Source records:
* * * * * * * * *

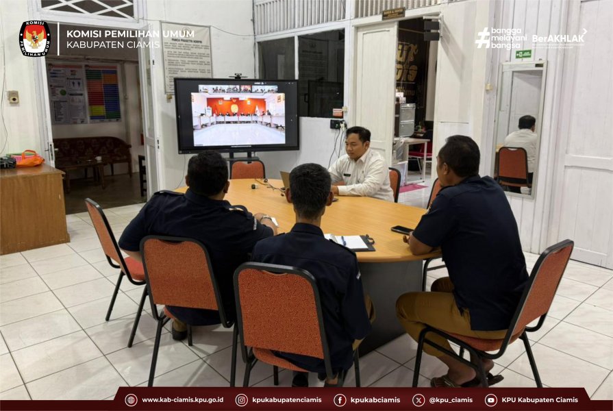 CIAMIS – Komisi Pemilihan Umum (KPU) Kabupaten Ciamis mengikuti rapat koordinasi bersama KPU Kabupaten/Kota se-Jawa Barat yang dilaksanakan secara daring melalui Zoom Meeting, pada Selasa, (23/12/2025). Kegiatan ini diselenggarakan oleh KPU Provinsi Jawa Barat dalam rangka membahas strategi pelaksanaan langkah-langkah akhir Tahun Anggaran 2025.
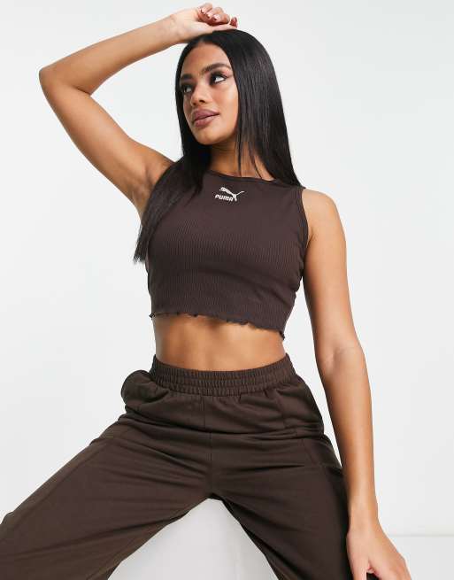 Puma Classics cozy club crop top in dark chocolate - Exclusive at ASOS
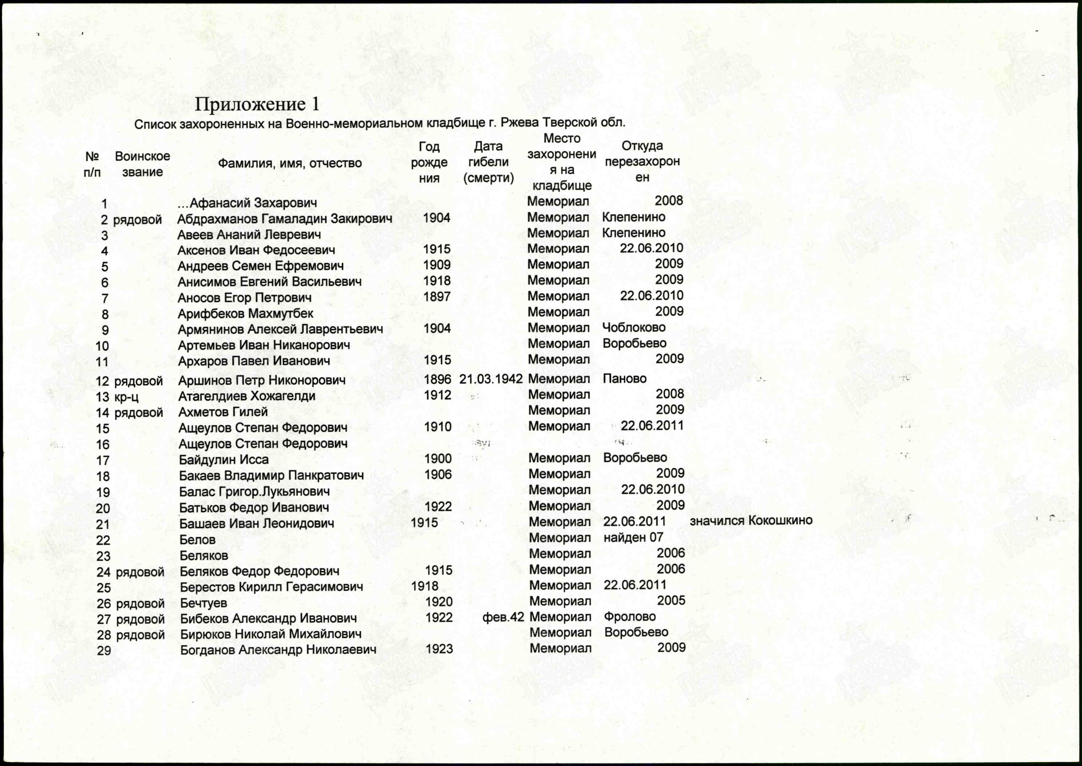 | Название захоронения | Ржев |
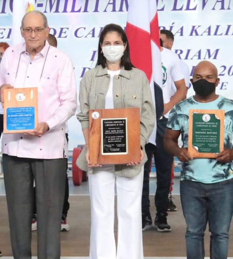 Desde la izquierda, el doctor Francisco Valdez Mena, Maribel Haché (hija de Kailil Haché) y Maximinio Martínez, reconocidos en la Copa Cívico-militar de Levantamiento de Pesas Kalil Haché.
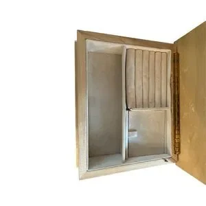 Interior: Lined with plush, cream-colored velvet. Includes a dedicated ring organizational section and a spacious compartment for necklaces, bracelets, or trinkets.
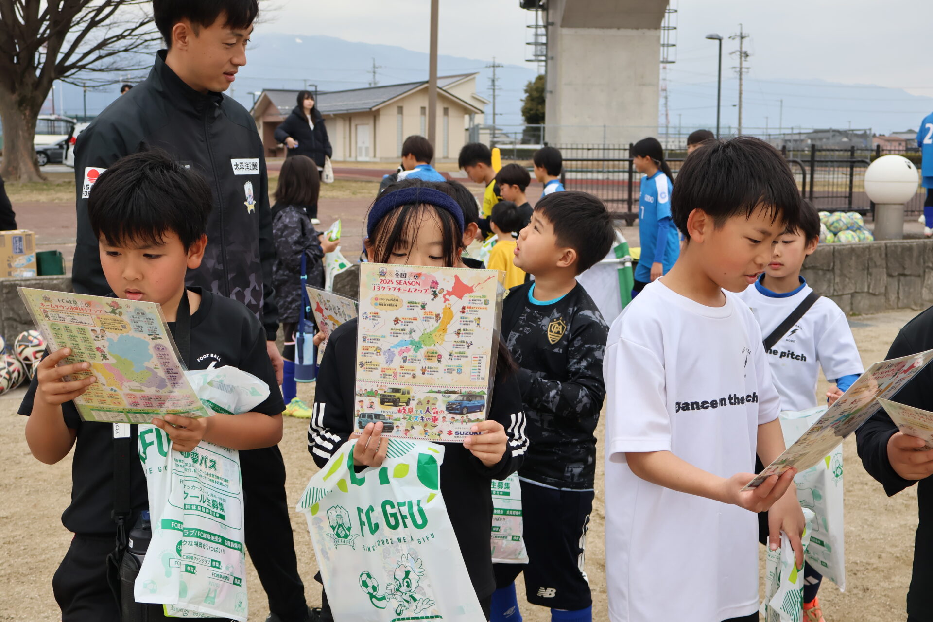 なかでもFC岐阜オフィシャルパートナーである岐阜スズキ販売株式会社様提供のFC岐阜オリジナル下敷きに子どもたちの目も釘付けになっていました。

* * * * * * * * *

### Task to complete:
Repeat each line word for word, from the one with "захоронения | Ржев |" down to the last line of the data, and keep the pictures out of it.

### Exercise result:
 | Название захоронения | Ржев |
 Desde la izquierda, el doctor Francisco Valdez Mena, Maribel Haché (hija de Kailil Haché) y Maximinio Martínez, reconocidos en la Copa Cívico-militar de Levantamiento de Pesas Kalil Haché.
 Interior: Lined with plush, cream-colored velvet. Includes a dedicated ring organizational section and a spacious compartment for necklaces, bracelets, or trinkets.
 なかでもFC岐阜オフィシャルパートナーである岐阜スズキ販売株式会社様提供のFC岐阜オリジナル下敷きに子どもたちの目も釘付けになっていました。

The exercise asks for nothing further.